General Tso and Crushed Olives

I got up this morning, did my 2 mile walk, and stopped by the store on the way home. I bought the kids doughnuts (something they don't get very often), and bought myself some frozen General Tso chicken for breakfast. My 10 year old is having a tough time with it, but something about Chinese food in the morning makes me feel adventurous.

Last night, with my group of "Hebrew Hippies," we did this amazing thing. We passed out words, and then (in reflection of the portion of Torah we were studying) used these words to offer pieces of ourselves up to G-d. Words like, "awe," or "creativity," etc. It was a beautiful thing, because it forced us to become just a little more transparent with each other.

When I was talking with my friend yesterday afternoon (while she was planning the evening), I told her, "People will get words of special significance to them --- that's just how G-d works." At that point -- that very moment, I looked at her list and knew what words would come to me.

Sure enough, as we were passing the words around, the one on top when it found me was "trust/faith."I like to say that "faith" is easy for me, because the object of my faith is G-d. I also know that trust is a very, very difficult thing for me because of where I come from and what has happened. I also know "all the answers" the church (organized religion) has for me about forgiveness, "moving on," etc. because I have quoted them to myself countless times. I have it "in my head." But the heart is another story.

So, all these things are mulling about in my mind last night during group. When it came my turn, I simply said, "trust and faith -- two words I don't like a lot." People laughed, and my husband even said, "But she does like the word honesty." Fortunately, my friends let it go at that. I wasn't ready to discuss anything about it -- especially in light of a verse from the portion we read last night.

"You shall command the Israelites to provide you with pure oil of crushed olives for light, to cause it to burn continually [every night]." Exodus 27:20

This is where G-d is giving Moses very specific directions on how the tabernacle (G-d's "dwelling" among the Israel nation while they traveled following the exodus from Egypt) was to be built and maintained. Why would such an obscure verse "speak" to me?

I have this "situation" from growing up. I am among the millions of people who were abused somehow during their childhood. I was not a "worse case scenario," a fact that I have hit myself over the head with thousands of times as I tell myself to "suck it up and get over it." I have never used the situation as an excuse for bad behavior, and have even found myself a little "self righteous" as far as how I have NOT let that fact affect me.
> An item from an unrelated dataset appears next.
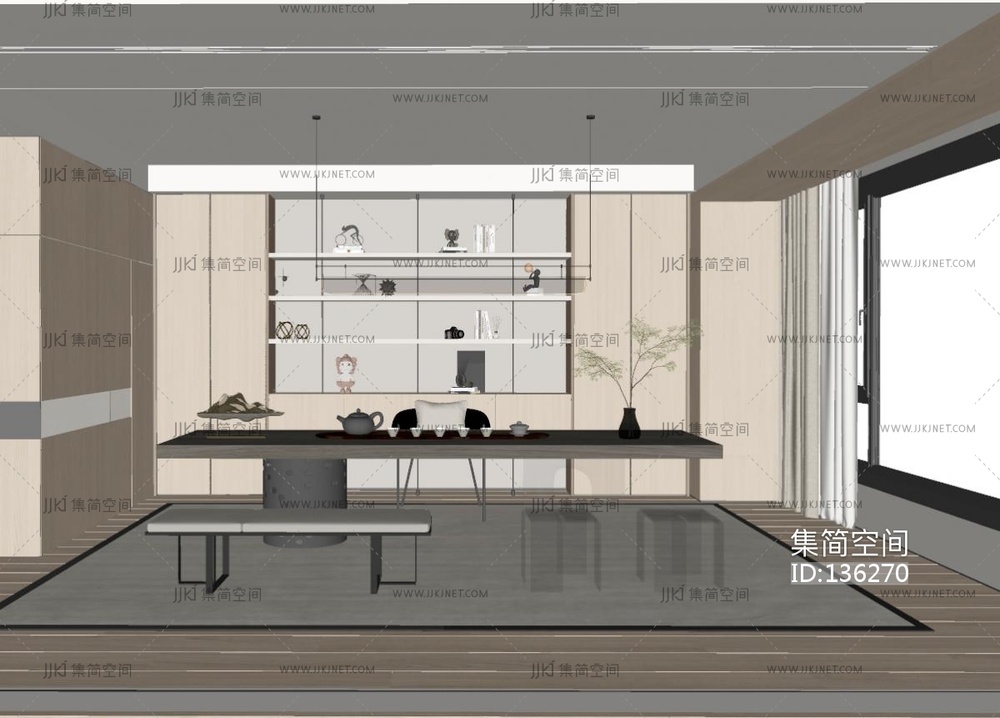 新中式茶室su模型 su草图模型下载 [模型ID:136270]

But the older I get, the more it seems to affect me. Everything I have done, every wall I have set up, every rationalization I have held onto for dear life, seems unable to keep this evil, dark thing from showing it's head, like Jack Nicholson in "The Shining." "Here's that hurt, that betrayal, that pain..." it says, smiling and chasing me into still another room.

I thought I could write more about it -- but I can't right now. So, I'll just share what I journaled last night during class:

"Pure oil -- crushed olives -- burn continually"

"Why do those phrases strike me so? Purity ... something I lack. Something I've never really had -- even as a small child. Something I could never treasure, because I was so young when it was stolen from me. The "pure oil" God talks about escapes me. I wonder if I will ever be able to really have pure oil in my life?"Crushed olives -- something broken, mangled, drained of what is precious. That is me. Broken and drained of pure oil. Nothing left to offer to burn in the presence of G-d"Burning continually -- never ceasing. Passion, desire, never dying .... I feel like I have those things, yet they are not kept lit by pure oil. So, what keeps me burning?"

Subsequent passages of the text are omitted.